To this...
The UK can often be a game of two halves. Not, happily, like the World Cup and its game of three halves, but a definite split nonetheless. North vs. South. Town vs Country. Guardian readers vs Everyone Else. We are not as United as we seem.
So, on one of the hottest days of the year for the south east, it should have come as no shock to learn that, while all our little friends were sitting in Victorian copper baths full of Pimms, flinging pork parts onto the barbie, Wendy and I would be up Snowdon, visibility hindered by lashings and lashings of rain flooding into our faces and mist that often stopped us from seeing the rest of our group.
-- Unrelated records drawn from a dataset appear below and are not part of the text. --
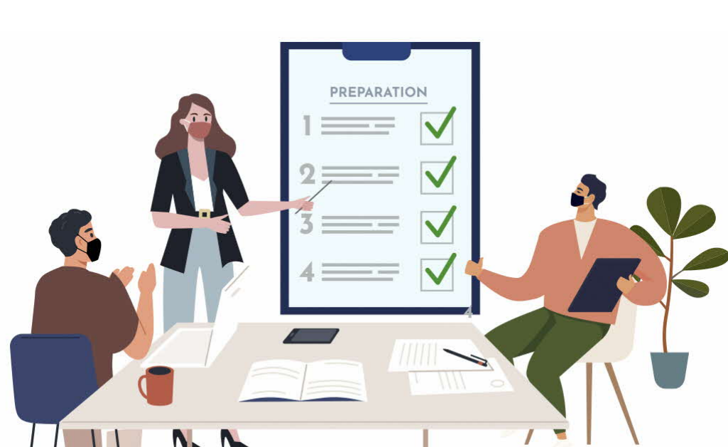
Table-top exercises can help your colleagues better understand the various emergency scenarios and what they should do. This includes responses against terror attacks e.g. Run, Hide, Tell . It also enables your company to finetune the emergency response plan and identify gaps in contingency plans for various scenarios.

Learn more on how you can be better prepared by joining our SGSecure@Workplaces Webinar on Mental Wellness: Fostering A Psychologically Resilient Organisation . It will be held on 16 Mar 2022, 2pm, via Zoom — register your interest by emailing us at SGSecure_Workplaces@mom.gov.sg .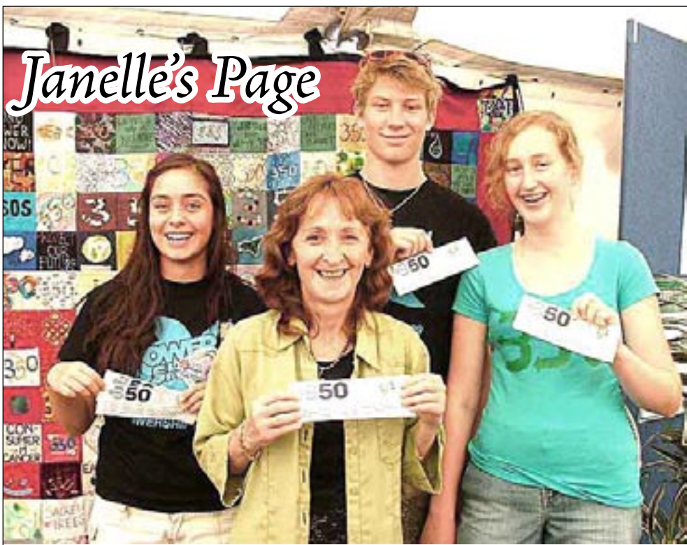
by Janelle Saffin, MP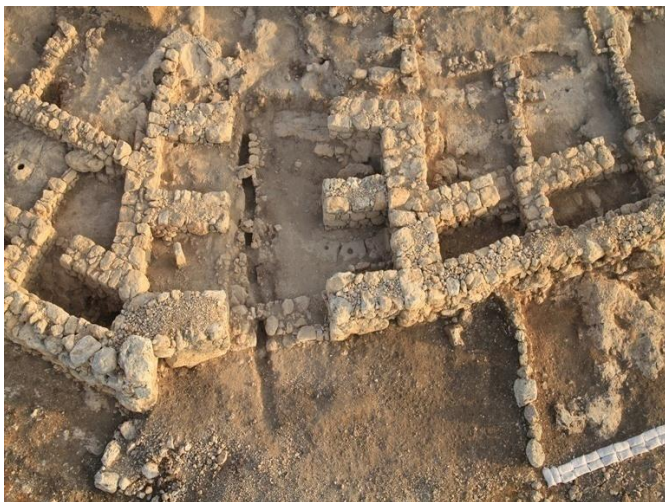
Fig. 6. The southern gate at Qeiyafa, in 2010. Aerial view of the of the Iron Age city: Khirbet Qeiyafa Area C.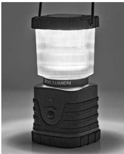
Battery powered lanterns are safer than candles.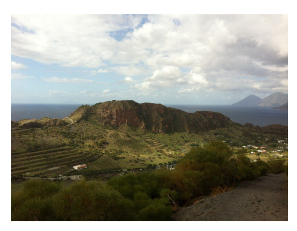
Panoramico di Vulcano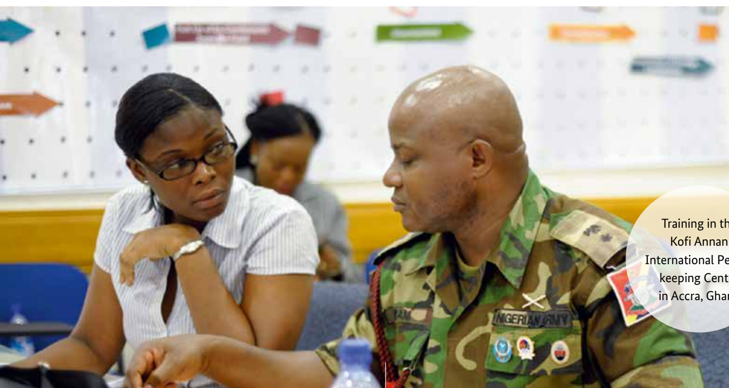
Training in the Kofi Annan International Peace- keeping Centre in Accra, Ghana

The organisation Building Markets is specialised in linking small local enterprises to international buyers, including both international humanitarian and development organisations and foreign investors in post-conflict contexts like Afghanistan and Liberia. A major area of potential lies in the field of rebuilding infrastructure. Besides training local suppliers and working with these larger buyers to make their procurement procedures accessible to local SMEs, they have developed a number of tools to improve the business matchmaking between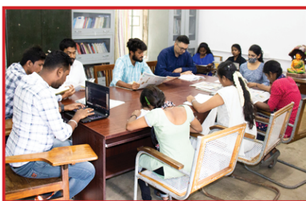
Dr. B.R. Ambedkar Library No. of Books - 1412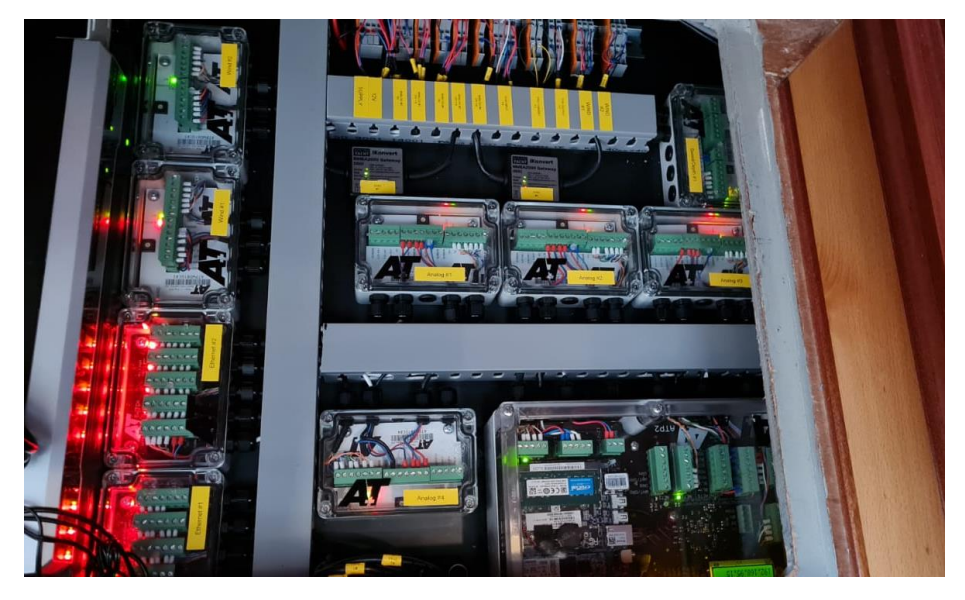
ATP2 Processor installation on SY Athos

A recent installation was on the 62m schooner Athos to replace a failing WTP3 system. This complex system with 30 displays, over twenty sensor inputs and wind input on both masts was installed and commissioned by Osprey Technical Consulting in just a few days

Not because we were rubbish at walking or staying on paths, y’understand.
Our ‘attempt on the summit” (see? we’re proper mountaineers) was called off with around an hour left to go, just as we were simultaneously thinking “this is a tonne of fun/potential Health & Safety debacle”, but it did give us the chance to get onto the second most important part of trekking - eating a lot of biscuits.
The weekend wasn’t just about testing out the wetter end of our performance outerwear (very good, since you ask. Only casualty was my wallet and its vast loyalty-free collection of loyalty cards. I’m a long way away from a free coffee at Recipease, once again), but also the first time we got to meet the organisers, other people we were going to Africa with and a giant pile of kit.
The people from our group who were there this weekend seem like just the kind of people we could go mad and get covered in our own vomit with (you learn a lot about yourself when you’re sharing a dorm full of bunk beds) and we learned a similar amount about what powders to put in our water and that there are worse jobs than chicken plucking - you could be the porter who carries the toilet.
What we have learned:
It is all about thick plastic bags for all your items. Possibly also colour-coded.
The Diamox vs. Viagra debate rages on
‘Summit’ is a verb as well as a noun
Boot update:
I proper love them, I do. More that I would have thought possible for shoes. Obviously I won’t be wearing them when next in New York. Or any area with a population of more that six.